• [What you have to do]: In the records below, find the line that contains "Rostfritt stål av kommersiell kvalitet: Vår" and the line that contains "Buddha Stones Lotus", then retype exactly those two lines and every line between them.

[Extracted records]
● ● ● ●
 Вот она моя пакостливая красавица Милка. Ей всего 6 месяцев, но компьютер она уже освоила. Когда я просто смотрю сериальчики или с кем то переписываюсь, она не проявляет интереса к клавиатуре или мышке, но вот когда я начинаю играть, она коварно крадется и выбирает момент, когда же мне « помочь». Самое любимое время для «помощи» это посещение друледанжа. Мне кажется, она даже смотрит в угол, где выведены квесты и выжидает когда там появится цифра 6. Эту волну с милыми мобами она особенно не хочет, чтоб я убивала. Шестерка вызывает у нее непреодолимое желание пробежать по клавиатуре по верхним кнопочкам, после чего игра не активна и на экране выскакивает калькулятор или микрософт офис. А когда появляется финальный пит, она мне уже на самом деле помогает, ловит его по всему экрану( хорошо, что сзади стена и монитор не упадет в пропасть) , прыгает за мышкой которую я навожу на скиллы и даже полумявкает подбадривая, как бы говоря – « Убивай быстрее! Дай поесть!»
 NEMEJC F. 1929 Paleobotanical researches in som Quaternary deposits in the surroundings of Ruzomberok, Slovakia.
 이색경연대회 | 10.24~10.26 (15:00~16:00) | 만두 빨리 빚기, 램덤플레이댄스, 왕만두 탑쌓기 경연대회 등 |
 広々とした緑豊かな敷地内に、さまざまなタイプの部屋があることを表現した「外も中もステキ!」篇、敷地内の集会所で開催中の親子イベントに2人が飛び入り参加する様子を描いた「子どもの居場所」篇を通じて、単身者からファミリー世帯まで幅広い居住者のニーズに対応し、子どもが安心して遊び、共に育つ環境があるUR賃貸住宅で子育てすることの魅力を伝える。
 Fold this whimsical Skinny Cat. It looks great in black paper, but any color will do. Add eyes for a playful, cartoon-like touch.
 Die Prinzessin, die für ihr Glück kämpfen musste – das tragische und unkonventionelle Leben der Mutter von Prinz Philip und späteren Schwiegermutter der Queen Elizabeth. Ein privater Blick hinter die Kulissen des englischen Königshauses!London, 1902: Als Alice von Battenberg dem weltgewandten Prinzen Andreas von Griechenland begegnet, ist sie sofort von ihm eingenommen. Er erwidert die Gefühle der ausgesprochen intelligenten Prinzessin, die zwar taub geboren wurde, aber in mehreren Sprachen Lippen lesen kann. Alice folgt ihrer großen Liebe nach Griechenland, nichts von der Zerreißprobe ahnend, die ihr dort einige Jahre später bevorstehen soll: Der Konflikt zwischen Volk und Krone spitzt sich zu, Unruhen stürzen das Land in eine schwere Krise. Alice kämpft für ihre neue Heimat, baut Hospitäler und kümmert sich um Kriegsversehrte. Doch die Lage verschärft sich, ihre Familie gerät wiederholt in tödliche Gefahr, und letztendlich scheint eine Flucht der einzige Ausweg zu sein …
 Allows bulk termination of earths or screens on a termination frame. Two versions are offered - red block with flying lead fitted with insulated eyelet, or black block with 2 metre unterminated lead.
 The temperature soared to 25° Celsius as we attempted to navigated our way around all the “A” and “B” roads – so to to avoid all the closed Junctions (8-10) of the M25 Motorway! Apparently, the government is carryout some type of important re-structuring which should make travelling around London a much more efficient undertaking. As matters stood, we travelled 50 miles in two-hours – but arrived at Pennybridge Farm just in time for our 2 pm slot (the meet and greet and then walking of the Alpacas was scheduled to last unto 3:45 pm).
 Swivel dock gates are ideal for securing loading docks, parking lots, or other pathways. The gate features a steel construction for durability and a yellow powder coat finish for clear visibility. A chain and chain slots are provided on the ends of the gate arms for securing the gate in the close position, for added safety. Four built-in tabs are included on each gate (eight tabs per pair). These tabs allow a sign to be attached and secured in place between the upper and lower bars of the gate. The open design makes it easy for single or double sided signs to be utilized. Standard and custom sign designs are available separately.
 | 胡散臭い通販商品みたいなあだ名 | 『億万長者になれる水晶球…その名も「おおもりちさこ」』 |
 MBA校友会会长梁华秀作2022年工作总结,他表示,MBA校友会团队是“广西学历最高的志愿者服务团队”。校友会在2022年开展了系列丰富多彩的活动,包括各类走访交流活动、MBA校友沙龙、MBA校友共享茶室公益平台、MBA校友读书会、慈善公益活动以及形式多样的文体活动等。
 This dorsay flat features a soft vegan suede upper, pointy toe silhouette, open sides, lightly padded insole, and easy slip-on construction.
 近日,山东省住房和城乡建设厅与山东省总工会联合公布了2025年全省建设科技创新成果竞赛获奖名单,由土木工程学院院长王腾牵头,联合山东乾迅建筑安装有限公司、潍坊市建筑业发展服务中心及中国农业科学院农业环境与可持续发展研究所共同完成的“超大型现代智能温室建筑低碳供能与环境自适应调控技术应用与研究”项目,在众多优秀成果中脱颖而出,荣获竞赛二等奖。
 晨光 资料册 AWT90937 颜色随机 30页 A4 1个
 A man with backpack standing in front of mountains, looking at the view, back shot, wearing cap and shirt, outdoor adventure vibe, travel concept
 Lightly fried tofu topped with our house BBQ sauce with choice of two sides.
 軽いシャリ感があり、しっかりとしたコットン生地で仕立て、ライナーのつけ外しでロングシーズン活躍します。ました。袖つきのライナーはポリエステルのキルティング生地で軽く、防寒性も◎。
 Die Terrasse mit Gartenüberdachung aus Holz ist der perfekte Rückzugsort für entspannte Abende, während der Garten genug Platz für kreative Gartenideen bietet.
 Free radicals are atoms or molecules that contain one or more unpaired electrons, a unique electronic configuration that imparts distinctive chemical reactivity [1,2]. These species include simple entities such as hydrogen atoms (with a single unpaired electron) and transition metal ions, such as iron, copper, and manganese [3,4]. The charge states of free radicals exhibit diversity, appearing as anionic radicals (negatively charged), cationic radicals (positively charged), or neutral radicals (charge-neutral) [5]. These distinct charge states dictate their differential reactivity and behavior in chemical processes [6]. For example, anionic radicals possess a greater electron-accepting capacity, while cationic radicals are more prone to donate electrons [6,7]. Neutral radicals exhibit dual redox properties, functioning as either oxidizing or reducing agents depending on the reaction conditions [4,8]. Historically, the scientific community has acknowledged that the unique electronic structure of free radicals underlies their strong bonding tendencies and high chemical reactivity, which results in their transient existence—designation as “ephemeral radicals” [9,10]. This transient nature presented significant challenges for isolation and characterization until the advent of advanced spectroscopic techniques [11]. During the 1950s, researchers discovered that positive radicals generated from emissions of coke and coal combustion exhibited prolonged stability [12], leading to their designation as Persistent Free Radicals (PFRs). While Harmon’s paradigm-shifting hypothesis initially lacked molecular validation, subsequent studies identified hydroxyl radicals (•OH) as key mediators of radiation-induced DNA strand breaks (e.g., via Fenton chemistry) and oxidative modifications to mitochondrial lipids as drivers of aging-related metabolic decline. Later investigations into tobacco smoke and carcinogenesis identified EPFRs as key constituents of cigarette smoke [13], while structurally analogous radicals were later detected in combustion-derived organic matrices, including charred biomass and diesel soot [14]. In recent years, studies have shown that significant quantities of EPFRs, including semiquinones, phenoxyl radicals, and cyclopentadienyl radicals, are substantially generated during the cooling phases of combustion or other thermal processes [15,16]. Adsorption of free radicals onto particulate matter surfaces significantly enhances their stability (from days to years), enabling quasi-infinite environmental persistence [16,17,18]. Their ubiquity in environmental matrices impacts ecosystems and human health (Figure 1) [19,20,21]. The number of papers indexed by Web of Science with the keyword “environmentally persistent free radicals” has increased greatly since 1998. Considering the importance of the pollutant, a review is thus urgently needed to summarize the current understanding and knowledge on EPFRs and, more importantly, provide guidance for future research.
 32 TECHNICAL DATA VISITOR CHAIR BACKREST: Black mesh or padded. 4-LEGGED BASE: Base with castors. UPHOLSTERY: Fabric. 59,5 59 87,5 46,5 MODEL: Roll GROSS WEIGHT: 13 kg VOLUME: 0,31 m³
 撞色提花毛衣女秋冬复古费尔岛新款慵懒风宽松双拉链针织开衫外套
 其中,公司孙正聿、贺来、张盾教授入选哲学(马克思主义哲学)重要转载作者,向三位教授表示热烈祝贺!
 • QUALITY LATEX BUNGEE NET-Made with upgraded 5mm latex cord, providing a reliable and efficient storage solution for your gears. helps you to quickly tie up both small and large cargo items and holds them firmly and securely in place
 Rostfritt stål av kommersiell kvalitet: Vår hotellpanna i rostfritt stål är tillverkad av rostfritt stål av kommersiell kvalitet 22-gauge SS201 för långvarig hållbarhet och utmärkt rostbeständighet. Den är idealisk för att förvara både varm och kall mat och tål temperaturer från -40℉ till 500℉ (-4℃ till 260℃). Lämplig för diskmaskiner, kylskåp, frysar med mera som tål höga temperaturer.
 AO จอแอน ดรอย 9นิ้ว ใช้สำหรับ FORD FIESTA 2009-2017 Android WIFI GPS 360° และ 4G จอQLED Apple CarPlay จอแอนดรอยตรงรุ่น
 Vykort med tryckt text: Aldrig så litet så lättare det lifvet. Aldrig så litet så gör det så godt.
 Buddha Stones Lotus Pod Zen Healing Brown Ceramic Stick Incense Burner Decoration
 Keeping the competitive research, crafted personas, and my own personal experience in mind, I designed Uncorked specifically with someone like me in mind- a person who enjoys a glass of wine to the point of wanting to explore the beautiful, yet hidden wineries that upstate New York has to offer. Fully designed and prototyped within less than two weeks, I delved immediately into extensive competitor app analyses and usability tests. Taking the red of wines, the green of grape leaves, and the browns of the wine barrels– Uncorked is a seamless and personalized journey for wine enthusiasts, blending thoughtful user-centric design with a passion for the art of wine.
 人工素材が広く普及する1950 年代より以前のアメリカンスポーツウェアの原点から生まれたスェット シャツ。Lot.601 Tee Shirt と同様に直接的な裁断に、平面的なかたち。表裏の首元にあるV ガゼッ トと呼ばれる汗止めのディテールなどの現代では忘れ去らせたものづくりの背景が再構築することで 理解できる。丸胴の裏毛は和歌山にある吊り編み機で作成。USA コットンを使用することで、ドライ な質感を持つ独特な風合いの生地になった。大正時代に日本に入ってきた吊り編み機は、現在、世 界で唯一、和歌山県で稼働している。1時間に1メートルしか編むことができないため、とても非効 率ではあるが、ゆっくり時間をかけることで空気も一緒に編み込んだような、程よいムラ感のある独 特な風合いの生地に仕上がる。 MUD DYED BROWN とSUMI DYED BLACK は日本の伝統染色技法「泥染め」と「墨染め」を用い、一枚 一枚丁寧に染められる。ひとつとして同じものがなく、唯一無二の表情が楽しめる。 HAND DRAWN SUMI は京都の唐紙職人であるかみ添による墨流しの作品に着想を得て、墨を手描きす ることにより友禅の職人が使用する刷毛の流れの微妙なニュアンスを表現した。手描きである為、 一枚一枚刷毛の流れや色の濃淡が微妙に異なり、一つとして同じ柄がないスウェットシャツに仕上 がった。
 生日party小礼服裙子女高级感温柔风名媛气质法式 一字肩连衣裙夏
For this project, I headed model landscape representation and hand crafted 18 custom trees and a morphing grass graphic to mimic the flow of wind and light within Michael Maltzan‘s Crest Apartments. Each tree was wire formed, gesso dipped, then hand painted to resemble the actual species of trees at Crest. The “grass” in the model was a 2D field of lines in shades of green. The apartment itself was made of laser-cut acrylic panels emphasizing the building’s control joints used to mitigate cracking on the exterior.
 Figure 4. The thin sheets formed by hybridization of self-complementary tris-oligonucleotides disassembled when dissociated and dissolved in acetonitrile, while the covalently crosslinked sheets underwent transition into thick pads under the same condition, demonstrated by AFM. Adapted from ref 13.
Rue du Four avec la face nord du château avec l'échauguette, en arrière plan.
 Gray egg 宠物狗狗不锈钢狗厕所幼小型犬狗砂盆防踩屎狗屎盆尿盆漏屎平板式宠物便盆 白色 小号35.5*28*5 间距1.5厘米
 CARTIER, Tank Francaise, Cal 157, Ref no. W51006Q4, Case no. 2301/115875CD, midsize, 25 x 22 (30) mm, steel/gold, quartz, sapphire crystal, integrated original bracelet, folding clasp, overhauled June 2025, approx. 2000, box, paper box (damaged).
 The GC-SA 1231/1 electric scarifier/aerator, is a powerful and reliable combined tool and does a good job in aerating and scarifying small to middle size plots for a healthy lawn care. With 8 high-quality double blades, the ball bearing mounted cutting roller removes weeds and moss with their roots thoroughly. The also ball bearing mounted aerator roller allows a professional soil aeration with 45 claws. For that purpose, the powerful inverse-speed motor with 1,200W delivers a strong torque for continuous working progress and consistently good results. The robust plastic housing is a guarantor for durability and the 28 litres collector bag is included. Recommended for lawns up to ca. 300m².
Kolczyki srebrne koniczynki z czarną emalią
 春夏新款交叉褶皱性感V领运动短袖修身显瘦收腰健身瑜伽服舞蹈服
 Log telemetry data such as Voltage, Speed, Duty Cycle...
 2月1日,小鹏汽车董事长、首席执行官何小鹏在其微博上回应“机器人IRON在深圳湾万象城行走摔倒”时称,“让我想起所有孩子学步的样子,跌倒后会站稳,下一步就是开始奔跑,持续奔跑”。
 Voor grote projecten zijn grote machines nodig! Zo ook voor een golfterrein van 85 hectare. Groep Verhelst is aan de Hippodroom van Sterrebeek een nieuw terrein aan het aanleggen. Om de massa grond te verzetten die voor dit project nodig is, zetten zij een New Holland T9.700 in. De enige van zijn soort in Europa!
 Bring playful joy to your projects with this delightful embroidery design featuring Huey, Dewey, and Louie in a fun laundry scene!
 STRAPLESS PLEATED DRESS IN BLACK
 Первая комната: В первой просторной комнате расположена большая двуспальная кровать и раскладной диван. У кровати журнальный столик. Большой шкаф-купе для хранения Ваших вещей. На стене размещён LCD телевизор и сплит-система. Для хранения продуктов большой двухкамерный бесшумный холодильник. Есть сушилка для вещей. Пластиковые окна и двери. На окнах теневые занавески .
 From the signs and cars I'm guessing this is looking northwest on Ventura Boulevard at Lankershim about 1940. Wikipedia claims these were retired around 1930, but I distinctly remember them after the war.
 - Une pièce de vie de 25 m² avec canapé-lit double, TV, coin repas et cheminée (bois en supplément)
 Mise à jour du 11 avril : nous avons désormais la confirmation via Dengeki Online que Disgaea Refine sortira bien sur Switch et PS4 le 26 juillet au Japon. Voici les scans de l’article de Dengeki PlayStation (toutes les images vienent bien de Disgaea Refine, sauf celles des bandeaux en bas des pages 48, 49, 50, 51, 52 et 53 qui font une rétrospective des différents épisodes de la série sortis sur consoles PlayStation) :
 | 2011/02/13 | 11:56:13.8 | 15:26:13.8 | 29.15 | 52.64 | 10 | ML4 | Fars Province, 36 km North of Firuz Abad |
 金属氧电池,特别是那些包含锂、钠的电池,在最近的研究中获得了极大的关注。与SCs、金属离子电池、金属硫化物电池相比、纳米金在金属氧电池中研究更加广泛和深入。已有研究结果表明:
● ● ● ●
• [Written reply]:
 Rostfritt stål av kommersiell kvalitet: Vår hotellpanna i rostfritt stål är tillverkad av rostfritt stål av kommersiell kvalitet 22-gauge SS201 för långvarig hållbarhet och utmärkt rostbeständighet. Den är idealisk för att förvara både varm och kall mat och tål temperaturer från -40℉ till 500℉ (-4℃ till 260℃). Lämplig för diskmaskiner, kylskåp, frysar med mera som tål höga temperaturer.
 AO จอแอน ดรอย 9นิ้ว ใช้สำหรับ FORD FIESTA 2009-2017 Android WIFI GPS 360° และ 4G จอQLED Apple CarPlay จอแอนดรอยตรงรุ่น
 Vykort med tryckt text: Aldrig så litet så lättare det lifvet. Aldrig så litet så gör det så godt.
 Buddha Stones Lotus Pod Zen Healing Brown Ceramic Stick Incense Burner Decoration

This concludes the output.